**PROVIDED DATA**

#####

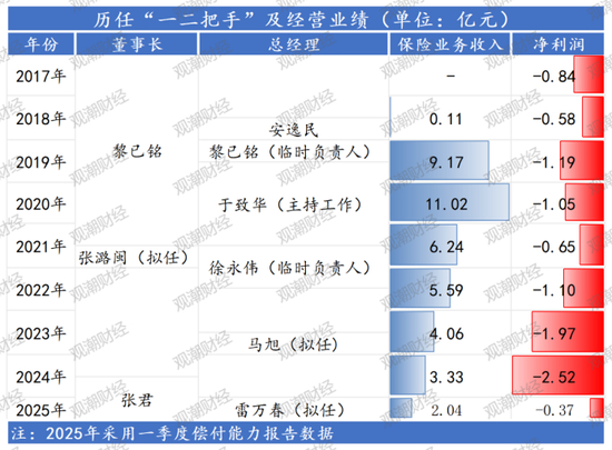 2018年12月21日,该公司曾指定董事长黎已铭为临时负责人,代行总经理职权;不足一年,又指定副总经理于致华担任临时负责人,主持工作长达2年时间,但最终也未转正。根据三峡人寿2023年二季度偿付能力报告,于致华不再担任三峡人寿副总经理职位。
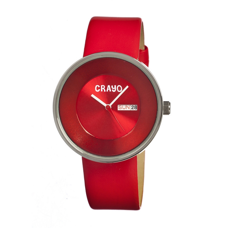 Silver-tone stainless steel case with a red leather strap. Fixed silver-tone bezel. Red dial with white hands. No markers. Dial Type: Analog. Day of the week and date display at 3 o'clock position. Quartz movement. Scratch resistant mineral crystal. Pull / push crown. Solid case back. Case diameter: 40 mm. Case thickness: 9 mm. Round case shape. Band width: 20 mm. Tang clasp. Water resistant at 30 meters / 100 feet. Functions: date, day, hour, minute, second. Casual watch style. Crayo Button Silver-tone Stainless Steel Case Unisex Watch CR0206.
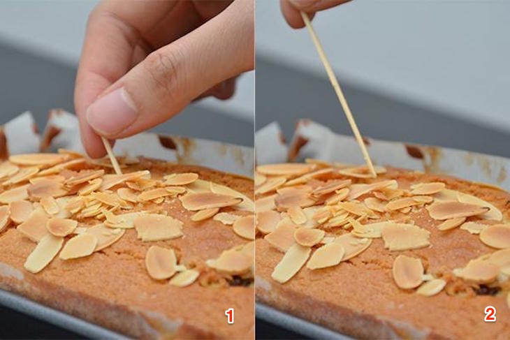 Hết thời gian, lấy bánh ra khỏi lò, dùng một chiếc tăm xiên vào bánh, rút tăm ra thấy sạch là bánh đã chín, để bánh nguội trong khuôn.

#####

**WHAT TO WORK ON**
Each line from the line containing "Silver-tone stainless steel case with" through the last line above must be written out exactly, and every picture must be omitted.

**TASK RESULT**
 Silver-tone stainless steel case with a red leather strap. Fixed silver-tone bezel. Red dial with white hands. No markers. Dial Type: Analog. Day of the week and date display at 3 o'clock position. Quartz movement. Scratch resistant mineral crystal. Pull / push crown. Solid case back. Case diameter: 40 mm. Case thickness: 9 mm. Round case shape. Band width: 20 mm. Tang clasp. Water resistant at 30 meters / 100 feet. Functions: date, day, hour, minute, second. Casual watch style. Crayo Button Silver-tone Stainless Steel Case Unisex Watch CR0206.
 Hết thời gian, lấy bánh ra khỏi lò, dùng một chiếc tăm xiên vào bánh, rút tăm ra thấy sạch là bánh đã chín, để bánh nguội trong khuôn.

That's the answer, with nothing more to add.